## Exercise prompt
Could you return every record below exactly as it stands, leaving out the pictures?

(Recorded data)

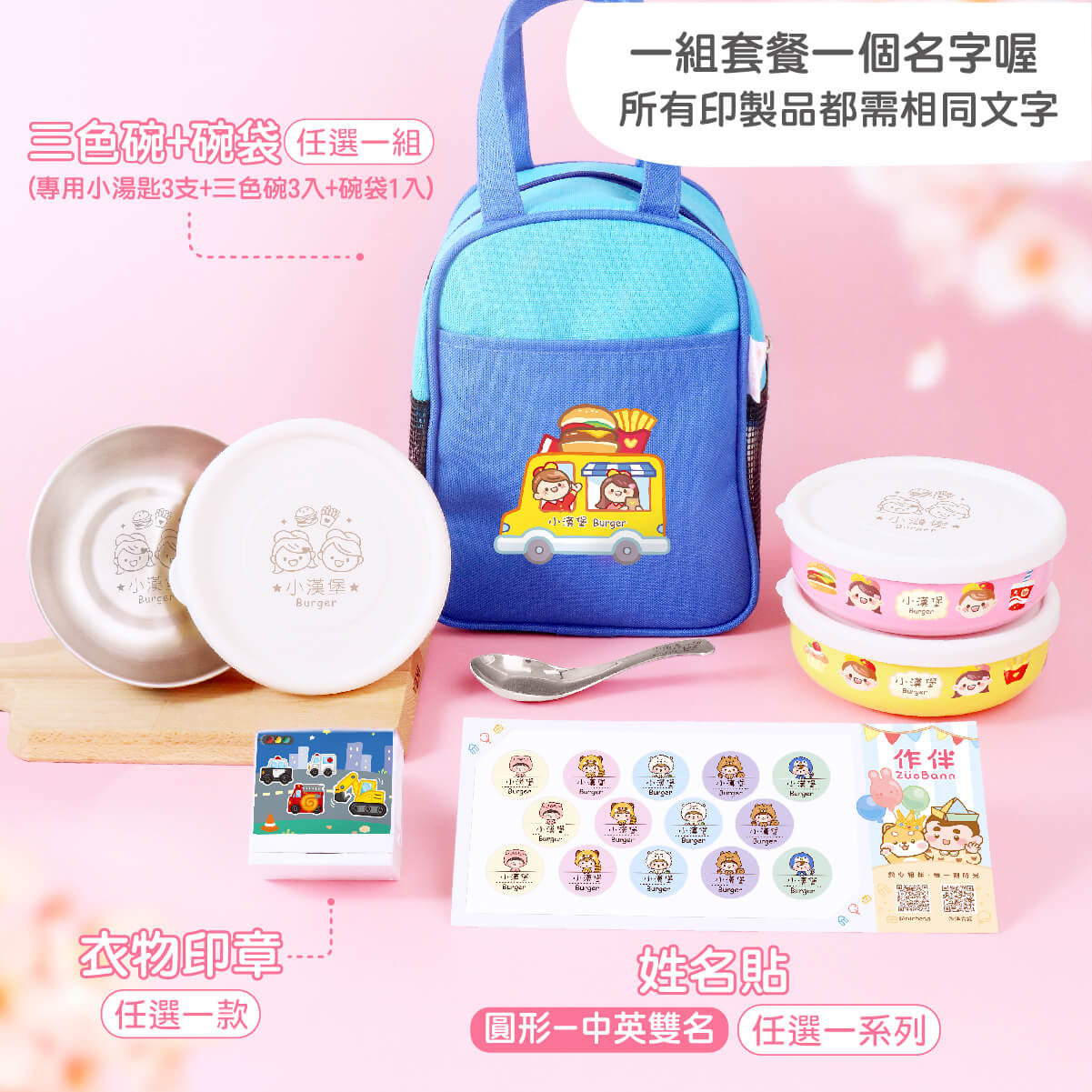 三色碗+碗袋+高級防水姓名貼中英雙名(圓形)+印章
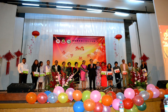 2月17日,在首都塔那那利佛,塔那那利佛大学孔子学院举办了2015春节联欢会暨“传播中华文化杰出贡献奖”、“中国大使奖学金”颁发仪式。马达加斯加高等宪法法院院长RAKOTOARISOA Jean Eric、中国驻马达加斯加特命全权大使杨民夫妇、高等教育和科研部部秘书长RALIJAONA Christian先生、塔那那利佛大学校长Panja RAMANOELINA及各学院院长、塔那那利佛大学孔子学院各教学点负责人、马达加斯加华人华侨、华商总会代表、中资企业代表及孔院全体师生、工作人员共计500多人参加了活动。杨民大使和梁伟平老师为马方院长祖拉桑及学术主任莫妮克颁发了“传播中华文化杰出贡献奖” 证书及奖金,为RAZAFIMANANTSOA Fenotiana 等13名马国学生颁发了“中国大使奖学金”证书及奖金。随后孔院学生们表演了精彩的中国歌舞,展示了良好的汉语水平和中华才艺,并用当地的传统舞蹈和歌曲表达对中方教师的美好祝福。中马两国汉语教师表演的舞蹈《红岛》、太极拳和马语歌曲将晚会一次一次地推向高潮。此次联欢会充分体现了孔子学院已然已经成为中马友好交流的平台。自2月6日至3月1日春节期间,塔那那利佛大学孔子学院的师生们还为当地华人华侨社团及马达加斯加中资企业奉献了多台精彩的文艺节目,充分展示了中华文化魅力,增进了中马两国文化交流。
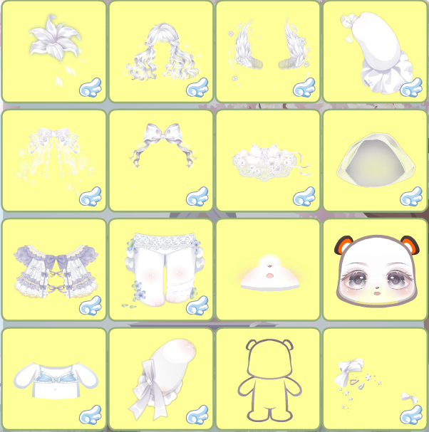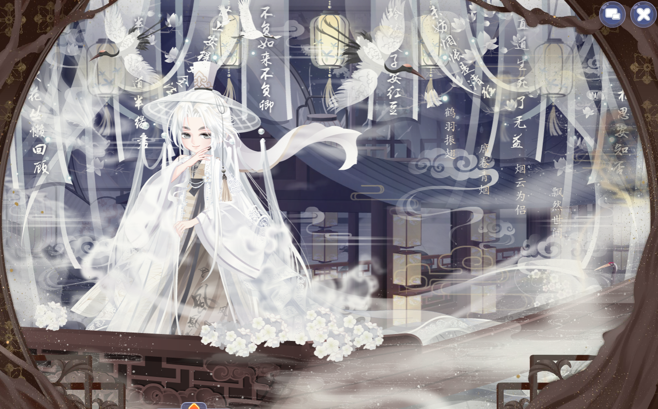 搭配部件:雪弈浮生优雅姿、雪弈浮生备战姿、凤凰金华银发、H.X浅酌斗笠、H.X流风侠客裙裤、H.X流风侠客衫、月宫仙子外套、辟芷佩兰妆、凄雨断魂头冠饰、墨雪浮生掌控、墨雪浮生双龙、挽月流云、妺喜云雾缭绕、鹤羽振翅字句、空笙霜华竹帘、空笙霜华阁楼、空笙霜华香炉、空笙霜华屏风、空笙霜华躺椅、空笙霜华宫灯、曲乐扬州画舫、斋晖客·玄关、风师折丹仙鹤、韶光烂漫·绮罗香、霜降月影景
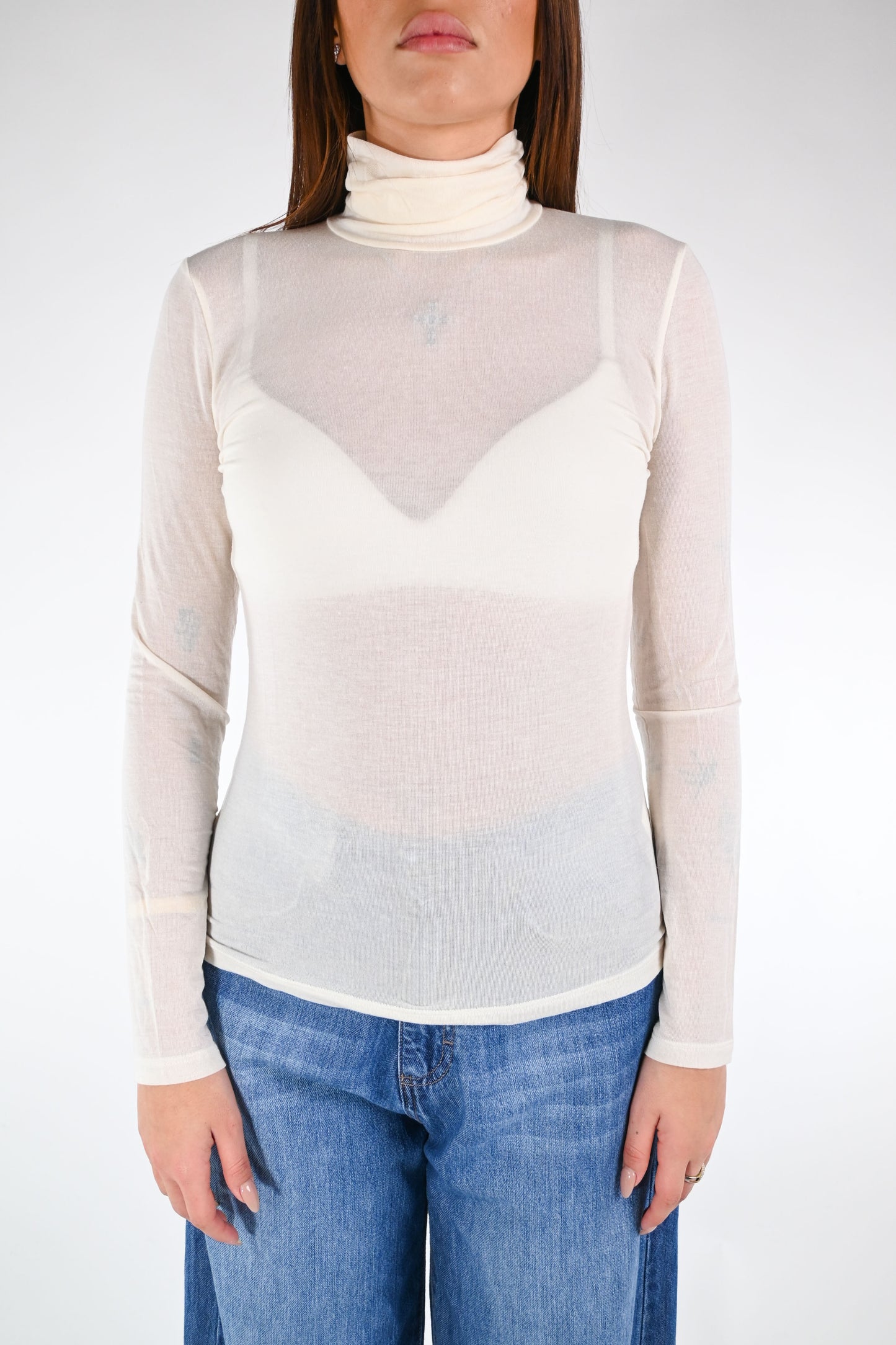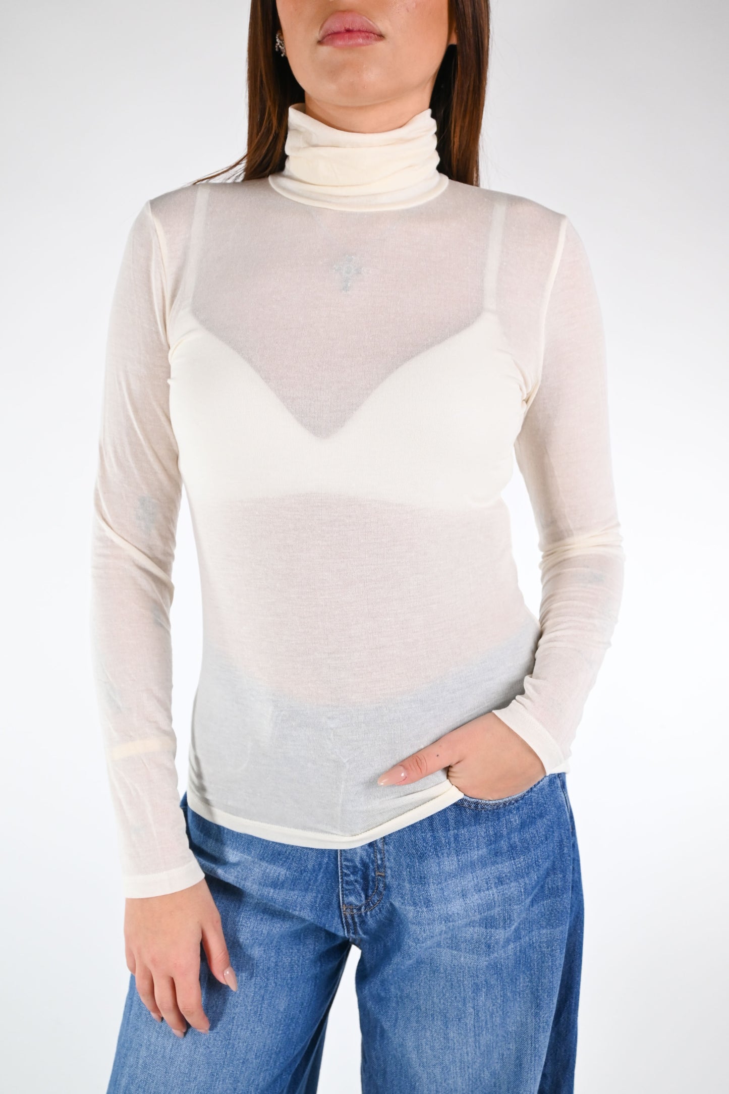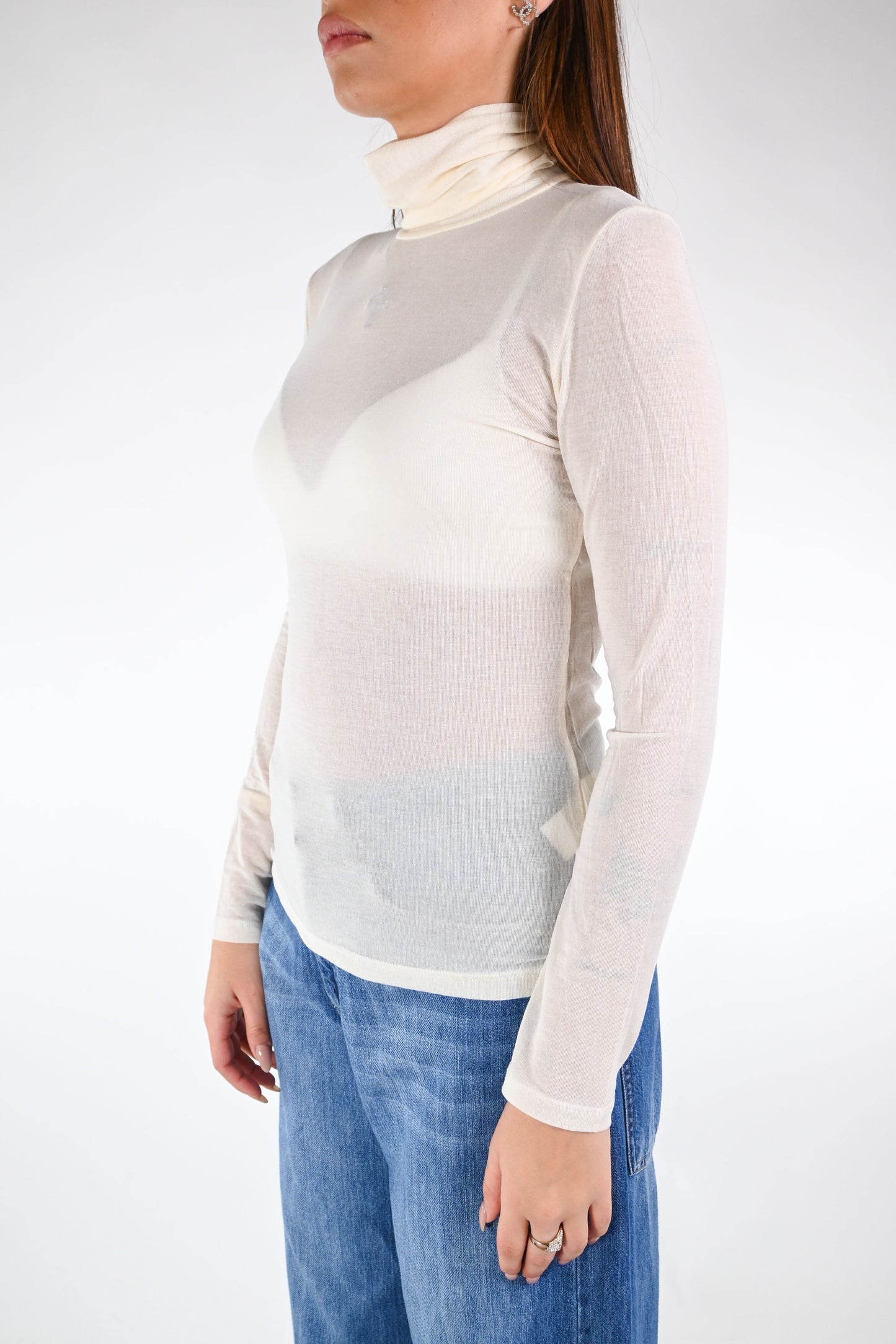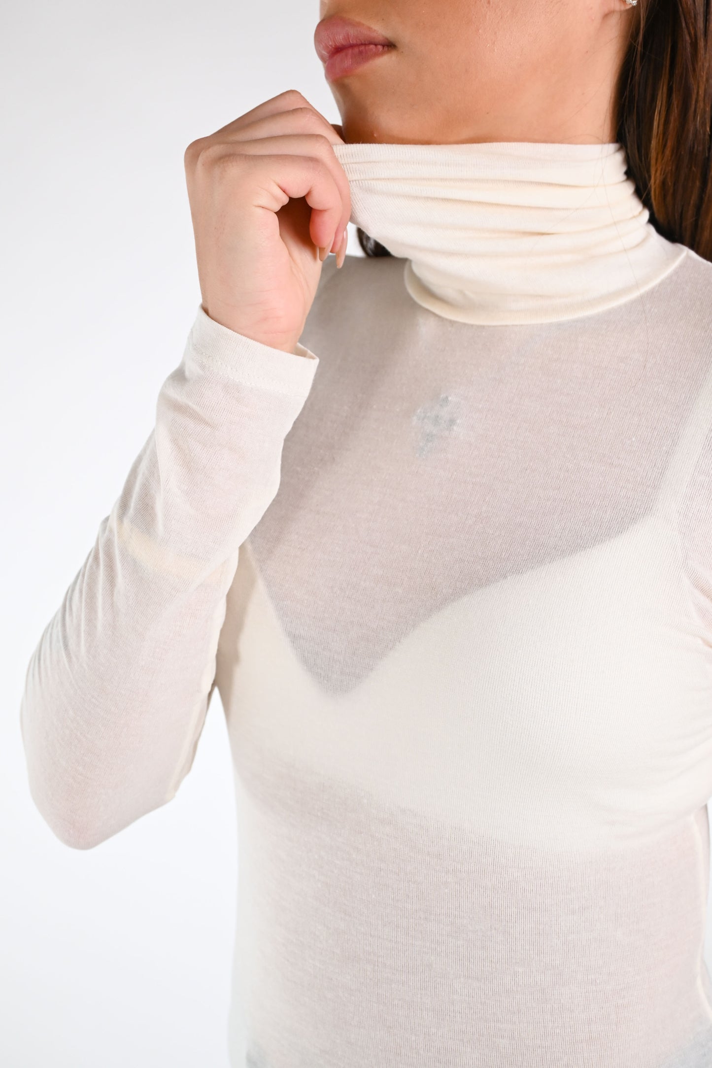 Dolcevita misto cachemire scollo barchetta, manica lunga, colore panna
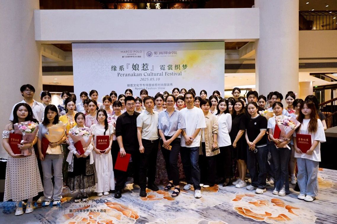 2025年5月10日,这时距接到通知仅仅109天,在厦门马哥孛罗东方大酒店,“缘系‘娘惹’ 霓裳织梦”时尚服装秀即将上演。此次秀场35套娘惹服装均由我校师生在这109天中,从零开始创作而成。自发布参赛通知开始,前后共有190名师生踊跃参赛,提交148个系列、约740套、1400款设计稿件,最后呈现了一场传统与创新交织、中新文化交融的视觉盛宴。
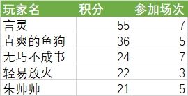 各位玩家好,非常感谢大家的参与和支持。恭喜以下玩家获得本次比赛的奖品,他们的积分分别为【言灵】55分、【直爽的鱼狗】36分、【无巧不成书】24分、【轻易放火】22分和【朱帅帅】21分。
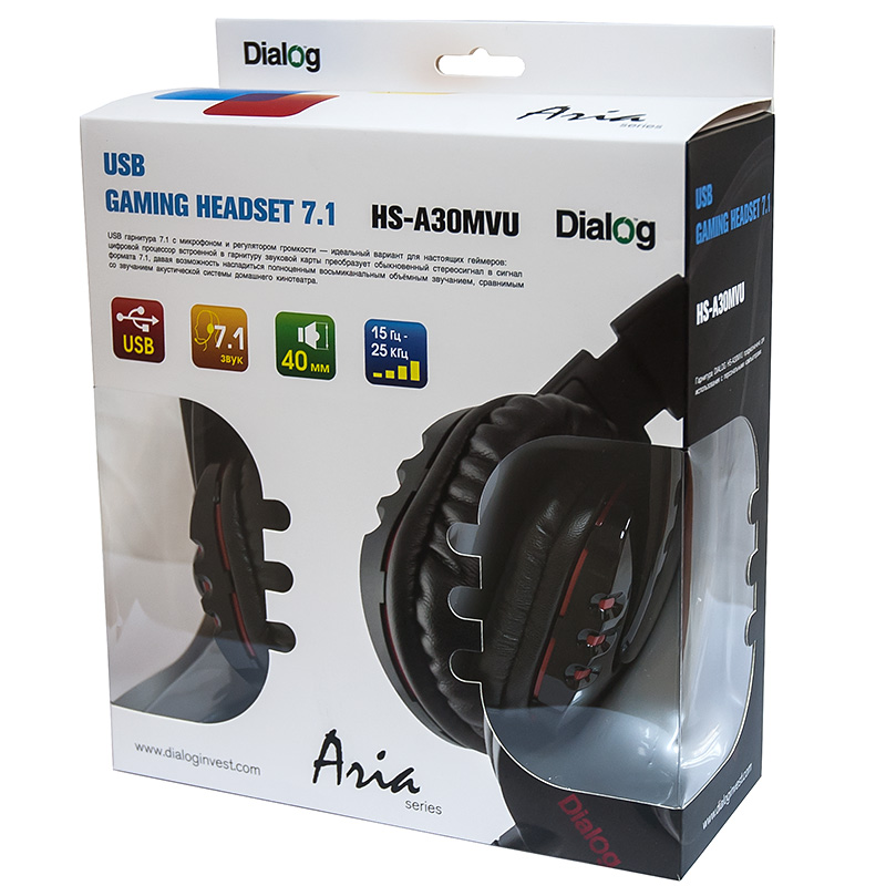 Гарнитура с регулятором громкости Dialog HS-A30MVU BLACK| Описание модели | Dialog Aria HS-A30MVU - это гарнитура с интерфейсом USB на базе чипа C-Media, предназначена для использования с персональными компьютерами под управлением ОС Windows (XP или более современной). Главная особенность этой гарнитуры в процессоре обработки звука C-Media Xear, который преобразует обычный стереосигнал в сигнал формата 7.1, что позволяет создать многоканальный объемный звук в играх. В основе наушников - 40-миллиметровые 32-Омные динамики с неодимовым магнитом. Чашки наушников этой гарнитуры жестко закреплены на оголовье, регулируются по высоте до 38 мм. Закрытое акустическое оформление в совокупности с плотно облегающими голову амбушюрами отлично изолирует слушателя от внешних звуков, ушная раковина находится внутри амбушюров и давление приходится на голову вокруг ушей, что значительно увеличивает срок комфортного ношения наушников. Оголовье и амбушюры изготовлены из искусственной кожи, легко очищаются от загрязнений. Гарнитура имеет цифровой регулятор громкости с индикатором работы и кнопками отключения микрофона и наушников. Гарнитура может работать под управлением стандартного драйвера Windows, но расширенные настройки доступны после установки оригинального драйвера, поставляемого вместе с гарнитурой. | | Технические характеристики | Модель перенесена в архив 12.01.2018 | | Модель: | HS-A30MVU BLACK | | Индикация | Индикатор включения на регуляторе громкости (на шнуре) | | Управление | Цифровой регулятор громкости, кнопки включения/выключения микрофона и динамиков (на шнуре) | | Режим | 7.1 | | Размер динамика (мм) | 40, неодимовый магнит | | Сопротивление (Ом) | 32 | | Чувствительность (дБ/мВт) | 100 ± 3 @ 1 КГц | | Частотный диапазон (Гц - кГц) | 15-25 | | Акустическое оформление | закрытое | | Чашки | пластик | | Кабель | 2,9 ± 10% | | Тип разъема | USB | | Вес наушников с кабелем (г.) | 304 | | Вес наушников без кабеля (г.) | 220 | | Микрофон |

## Solution
 三色碗+碗袋+高級防水姓名貼中英雙名(圓形)+印章
 2月17日,在首都塔那那利佛,塔那那利佛大学孔子学院举办了2015春节联欢会暨“传播中华文化杰出贡献奖”、“中国大使奖学金”颁发仪式。马达加斯加高等宪法法院院长RAKOTOARISOA Jean Eric、中国驻马达加斯加特命全权大使杨民夫妇、高等教育和科研部部秘书长RALIJAONA Christian先生、塔那那利佛大学校长Panja RAMANOELINA及各学院院长、塔那那利佛大学孔子学院各教学点负责人、马达加斯加华人华侨、华商总会代表、中资企业代表及孔院全体师生、工作人员共计500多人参加了活动。杨民大使和梁伟平老师为马方院长祖拉桑及学术主任莫妮克颁发了“传播中华文化杰出贡献奖” 证书及奖金,为RAZAFIMANANTSOA Fenotiana 等13名马国学生颁发了“中国大使奖学金”证书及奖金。随后孔院学生们表演了精彩的中国歌舞,展示了良好的汉语水平和中华才艺,并用当地的传统舞蹈和歌曲表达对中方教师的美好祝福。中马两国汉语教师表演的舞蹈《红岛》、太极拳和马语歌曲将晚会一次一次地推向高潮。此次联欢会充分体现了孔子学院已然已经成为中马友好交流的平台。自2月6日至3月1日春节期间,塔那那利佛大学孔子学院的师生们还为当地华人华侨社团及马达加斯加中资企业奉献了多台精彩的文艺节目,充分展示了中华文化魅力,增进了中马两国文化交流。
 搭配部件:雪弈浮生优雅姿、雪弈浮生备战姿、凤凰金华银发、H.X浅酌斗笠、H.X流风侠客裙裤、H.X流风侠客衫、月宫仙子外套、辟芷佩兰妆、凄雨断魂头冠饰、墨雪浮生掌控、墨雪浮生双龙、挽月流云、妺喜云雾缭绕、鹤羽振翅字句、空笙霜华竹帘、空笙霜华阁楼、空笙霜华香炉、空笙霜华屏风、空笙霜华躺椅、空笙霜华宫灯、曲乐扬州画舫、斋晖客·玄关、风师折丹仙鹤、韶光烂漫·绮罗香、霜降月影景
 Dolcevita misto cachemire scollo barchetta, manica lunga, colore panna
 2025年5月10日,这时距接到通知仅仅109天,在厦门马哥孛罗东方大酒店,“缘系‘娘惹’ 霓裳织梦”时尚服装秀即将上演。此次秀场35套娘惹服装均由我校师生在这109天中,从零开始创作而成。自发布参赛通知开始,前后共有190名师生踊跃参赛,提交148个系列、约740套、1400款设计稿件,最后呈现了一场传统与创新交织、中新文化交融的视觉盛宴。
 各位玩家好,非常感谢大家的参与和支持。恭喜以下玩家获得本次比赛的奖品,他们的积分分别为【言灵】55分、【直爽的鱼狗】36分、【无巧不成书】24分、【轻易放火】22分和【朱帅帅】21分。
 Гарнитура с регулятором громкости Dialog HS-A30MVU BLACK| Описание модели | Dialog Aria HS-A30MVU - это гарнитура с интерфейсом USB на базе чипа C-Media, предназначена для использования с персональными компьютерами под управлением ОС Windows (XP или более современной). Главная особенность этой гарнитуры в процессоре обработки звука C-Media Xear, который преобразует обычный стереосигнал в сигнал формата 7.1, что позволяет создать многоканальный объемный звук в играх. В основе наушников - 40-миллиметровые 32-Омные динамики с неодимовым магнитом. Чашки наушников этой гарнитуры жестко закреплены на оголовье, регулируются по высоте до 38 мм. Закрытое акустическое оформление в совокупности с плотно облегающими голову амбушюрами отлично изолирует слушателя от внешних звуков, ушная раковина находится внутри амбушюров и давление приходится на голову вокруг ушей, что значительно увеличивает срок комфортного ношения наушников. Оголовье и амбушюры изготовлены из искусственной кожи, легко очищаются от загрязнений. Гарнитура имеет цифровой регулятор громкости с индикатором работы и кнопками отключения микрофона и наушников. Гарнитура может работать под управлением стандартного драйвера Windows, но расширенные настройки доступны после установки оригинального драйвера, поставляемого вместе с гарнитурой. | | Технические характеристики | Модель перенесена в архив 12.01.2018 | | Модель: | HS-A30MVU BLACK | | Индикация | Индикатор включения на регуляторе громкости (на шнуре) | | Управление | Цифровой регулятор громкости, кнопки включения/выключения микрофона и динамиков (на шнуре) | | Режим | 7.1 | | Размер динамика (мм) | 40, неодимовый магнит | | Сопротивление (Ом) | 32 | | Чувствительность (дБ/мВт) | 100 ± 3 @ 1 КГц | | Частотный диапазон (Гц - кГц) | 15-25 | | Акустическое оформление | закрытое | | Чашки | пластик | | Кабель | 2,9 ± 10% | | Тип разъема | USB | | Вес наушников с кабелем (г.) | 304 | | Вес наушников без кабеля (г.) | 220 | | Микрофон |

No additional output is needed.